**PROVIDED MATERIAL**.
****************

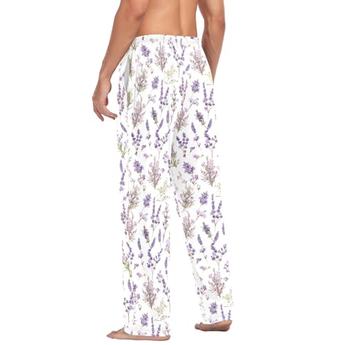 HOT ! Men's Lavender Flowers Pajama Pants with Pockets - Straight Fit Cotton Sleep Bottoms for Lounge & Nightwear#376
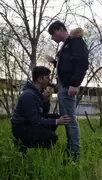 2 torrid fellows with fat cocks smoking, jerking and deep-throating outdoors
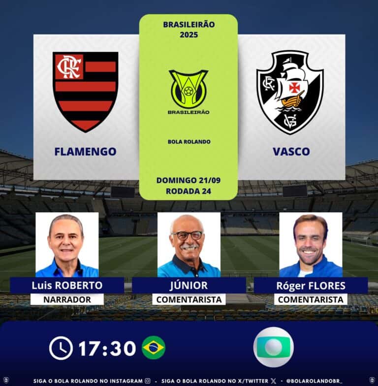 Flamengo x Vasco: transmissão na TV Globo, ge tv e Premiere. sábado, 20/09/2025 às 06:22 — Em Últimas notícias

****************

For this exercise, retype exactly, and only, the lines from the line with "2 torrid fellows" through the last line of the material above, both included. Pictures stay out.

 2 torrid fellows with fat cocks smoking, jerking and deep-throating outdoors
 Flamengo x Vasco: transmissão na TV Globo, ge tv e Premiere. sábado, 20/09/2025 às 06:22 — Em Últimas notícias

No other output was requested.